⑳ 雪女の末裔
「実を言うとね…。」
「はい?」
「時々、アナタの様な私の末裔が、訪ねて来るのよ。で、その時の質問が、大体、今言ったような事なのよ。」
「…ああ、だから。」
「そういう事。他には?この際、訊いておきたい事は?」
「一体、何がきっかけで、私の直接の先祖は、ニンゲンと暮らす事になったんでしょうか?」
「それは…ワタシには、分かりかねるわ。顔がタイプだったんじゃない?」
「…そんなあ。」
「そうかしら。結構、重要でしょ?顔。アナタのパートナーも、見たところ、中々のイケオジじゃないの?」
「…そりゃあ、どうも。」
言われた伯爵は、悪い気はしなかった。
「さあもう、いいかしら?こう見えてもワタシたち、結構忙しいのよ?"地球温暖化"を、少しでも遅らせなければ、オチオチ昼寝も出来やしないわ。」
「…えっ!?その話を、もう少し詳しく…。」
「だめよ。これ以上は、トップシークレット。後は自分たちのチカラで、未来を勝ち取りなさい!」
その言葉を最後に、日本の雪女ユキメは、その場からまるで煙のように、フッと消え去ってしまった。

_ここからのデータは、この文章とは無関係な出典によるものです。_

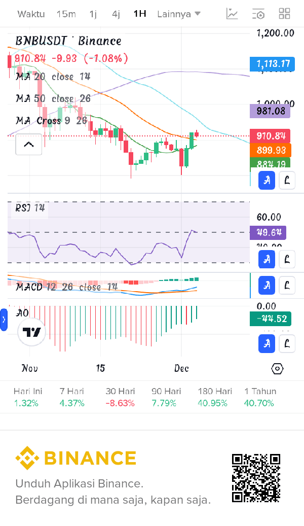 Price 910.70 USDT Moving above the psychological support level of 900 USDT.

ふと気がつくと、周りにあんなに居た世界中の雪女たちも、一人残らず姿を消していた。
「帰りますか?京子さん。」
サン・ジェルマンに促され、彼女も同意した。
30分後、二人は、テレビ塔の亜空間レストランで、向き合う席に座り、コーヒーブレイクしていた。
「自分のルーツを知ったところで、大した収穫にはならなかったわね?」
「…でも、知りたかったんですよね?」
「そうね。納得したわ…でも、そんな事より…"地球温暖化"って何よ?」
「…21世紀に、大きなモンダイになる事ですよ。ニンゲンが、長年の歴史を重ねる内に、地球環境を破壊し続けて来たツケが、とうとうやって来るのです。」
「…ソレ、何とか解決できるの?」
「今、この時代に存在している、全てのニンゲン次第ですね。」
「…そうなのね。」
「この件は、個人のチカラでは、いかんともし難い事なのです。例え我々のチームが、不老不死と超能力者の集団だとしてもね。」
「…アナタ、本当は、この先の人類の運命を知っているんじゃないの?」
「だとしても、それはあくまでも可能性の一つに過ぎない。観測済みの未来は、直ぐにウソになってしまう。移ろいやすいモノなのですよ。人物画を描くのと同じ事ですよ。」
「…それは、どういう?」
「"未来は、今、ここに居る我々が、切り拓くべきモノ"だと言う事です。」
「…ああ、成る程。アナタが好きなそのセリフに行き着くわけね?」
「そういう事です。それこそが、タイムマシンを駆使した人生を経た私の、行き着いた答えなのです。」
最後にサン・ジェルマンは、"我が意を得たり"という顔で頷いたのだった。